Where this fact is obviously relevant is the medical evidence. The doctor examining the victim is an expert called to testify under Section 45 IEA. Menstruation becomes part of facts which "support or are otherwise inconsistent with the opinions of experts" under Section 46. Courts have not been blind to this thought, as can be seen in Dharampal v. NCT of Delhi [Criminal Appeal. No. 567/2008 delivered on 02.02.2010 (Delhi High Court)] and Fanibhushan Behera v. State of Orissa [1995 CriLJ 1561 (Orissa High Court)]. In the former, the appellant-accused argued that absence of seminal presence in vaginal swabs cast a reasonable doubt on the prosecution story. The court reiterated that absence of semen does not rule out rape, highlighting how the fact of the prosecutrix menstruating at the relevant time greatly diminished the relevance of medical evidence. Consequently, the conviction for rape was upheld. In Fanibhushan, Pasayat J. took a similar stance: attributing the absence of semen on vaginal swabs to the fact of the girl’s menstruation during the incident, rather than no penetration. In both cases, menstruation was used to explain the absence of semen on wet smears, and the accused were convicted in the presence of other evidence. 

Conclusions
Statements which indicate the improbability of a woman being raped while menstruating are extremely dangerous.

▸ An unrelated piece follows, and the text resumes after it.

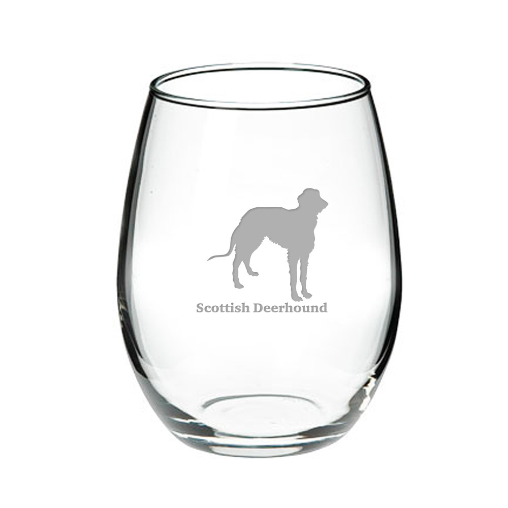 Scottish Deerhound Deep Etched Stemless Red Wine Glass

While it is one thing to acquit an accused in cases where vaginal wet-smears are not indicative of the presence of semen and adequate proof is unavailable from other sources, it is an altogether different thing to undermine a prosecution story because of the fact of menstruation during the incident. Not only does it deny justice through trial, but also ruthlessly negates the experiences of the several women who continue to be subject to rapes of the worst kind; while on their period.